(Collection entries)

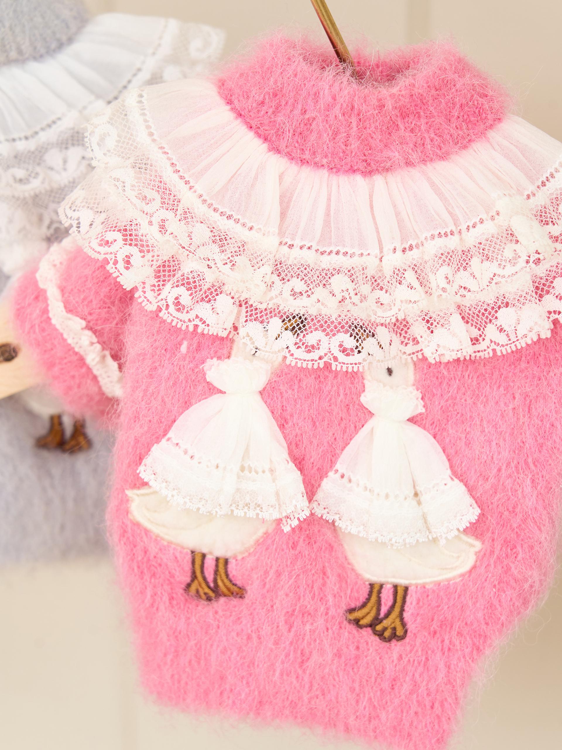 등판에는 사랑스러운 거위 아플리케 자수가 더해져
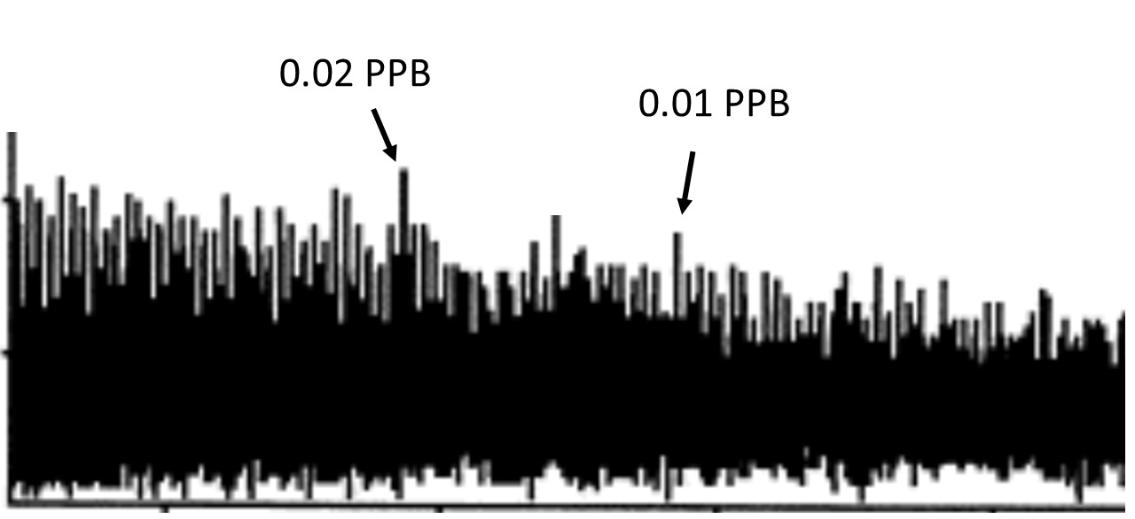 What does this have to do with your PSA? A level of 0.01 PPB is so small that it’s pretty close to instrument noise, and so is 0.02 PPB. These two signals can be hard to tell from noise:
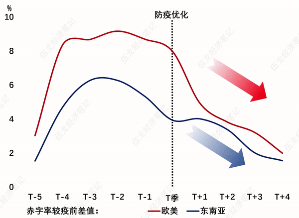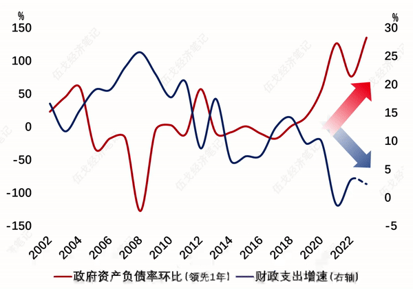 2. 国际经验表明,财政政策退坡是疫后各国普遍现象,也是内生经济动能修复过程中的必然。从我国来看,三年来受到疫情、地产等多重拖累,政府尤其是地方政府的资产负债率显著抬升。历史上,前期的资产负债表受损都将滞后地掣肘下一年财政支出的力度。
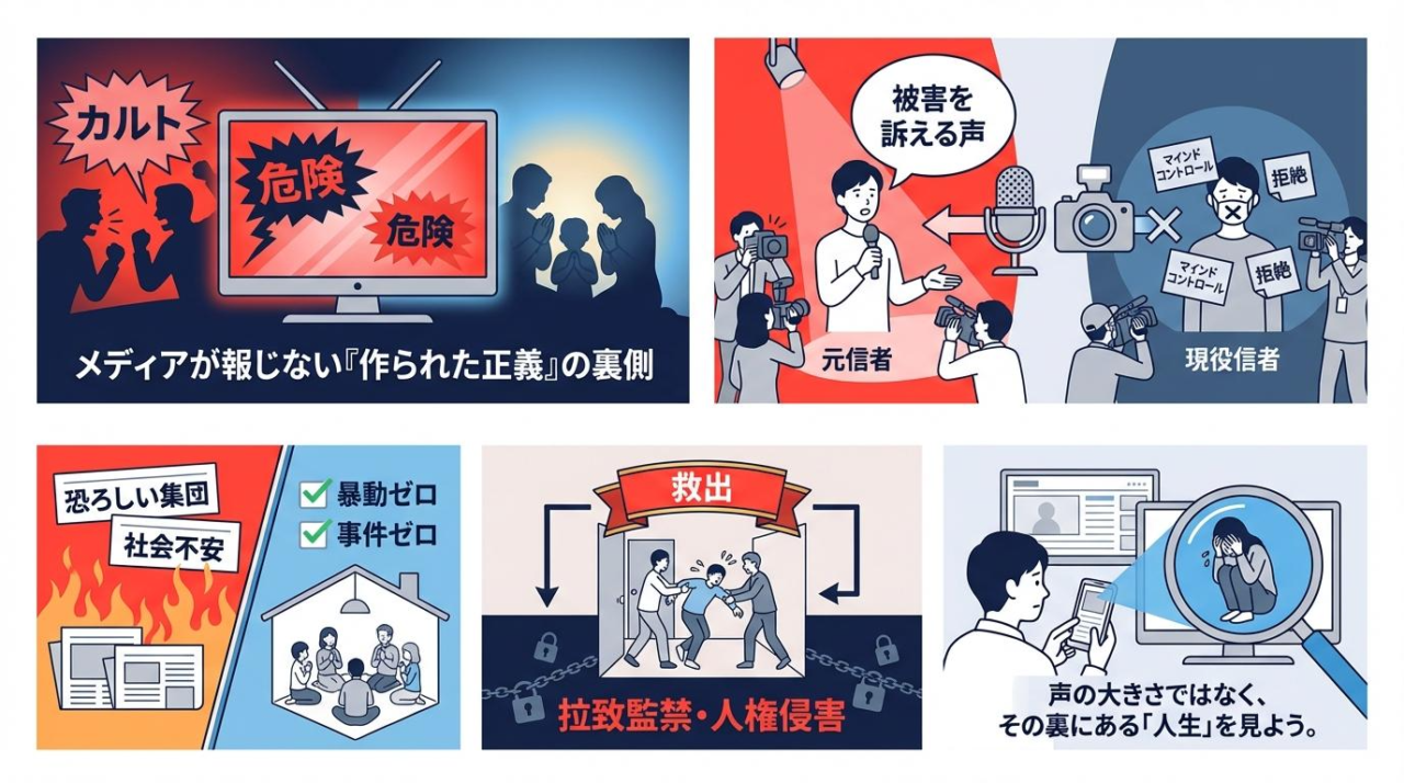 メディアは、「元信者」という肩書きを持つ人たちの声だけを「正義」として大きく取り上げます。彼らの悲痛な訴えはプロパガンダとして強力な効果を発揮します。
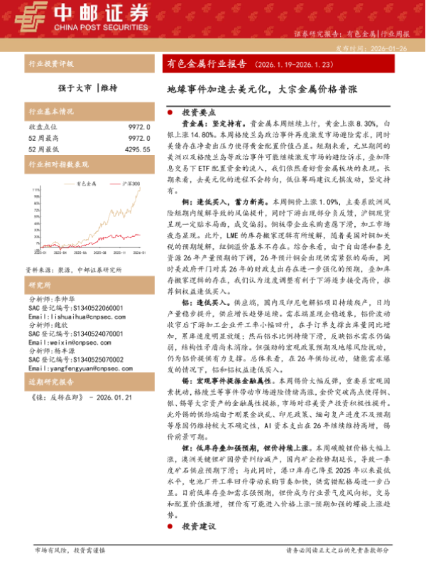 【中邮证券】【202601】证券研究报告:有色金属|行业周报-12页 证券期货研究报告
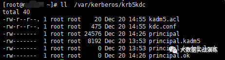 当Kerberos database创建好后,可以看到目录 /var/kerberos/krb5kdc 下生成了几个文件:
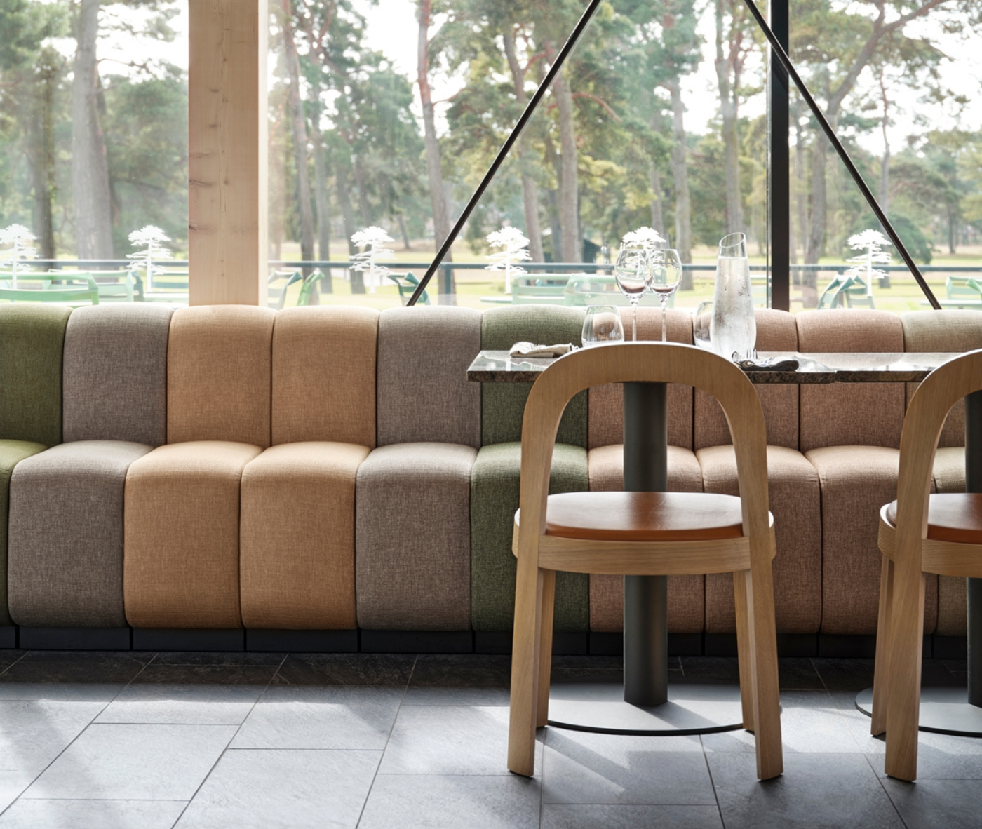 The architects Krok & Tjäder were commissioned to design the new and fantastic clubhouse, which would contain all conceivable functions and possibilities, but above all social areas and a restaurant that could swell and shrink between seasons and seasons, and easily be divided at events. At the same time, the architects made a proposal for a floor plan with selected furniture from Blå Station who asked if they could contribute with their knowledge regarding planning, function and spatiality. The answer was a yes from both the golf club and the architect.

■ Problem to solve ■
With the pictures left out, return each entry exactly as written.

■ Solution to the exercise ■
 등판에는 사랑스러운 거위 아플리케 자수가 더해져
 What does this have to do with your PSA? A level of 0.01 PPB is so small that it’s pretty close to instrument noise, and so is 0.02 PPB. These two signals can be hard to tell from noise:
 2. 国际经验表明,财政政策退坡是疫后各国普遍现象,也是内生经济动能修复过程中的必然。从我国来看,三年来受到疫情、地产等多重拖累,政府尤其是地方政府的资产负债率显著抬升。历史上,前期的资产负债表受损都将滞后地掣肘下一年财政支出的力度。
 メディアは、「元信者」という肩書きを持つ人たちの声だけを「正義」として大きく取り上げます。彼らの悲痛な訴えはプロパガンダとして強力な効果を発揮します。
 【中邮证券】【202601】证券研究报告:有色金属|行业周报-12页 证券期货研究报告
 当Kerberos database创建好后,可以看到目录 /var/kerberos/krb5kdc 下生成了几个文件:
 The architects Krok & Tjäder were commissioned to design the new and fantastic clubhouse, which would contain all conceivable functions and possibilities, but above all social areas and a restaurant that could swell and shrink between seasons and seasons, and easily be divided at events. At the same time, the architects made a proposal for a floor plan with selected furniture from Blå Station who asked if they could contribute with their knowledge regarding planning, function and spatiality. The answer was a yes from both the golf club and the architect.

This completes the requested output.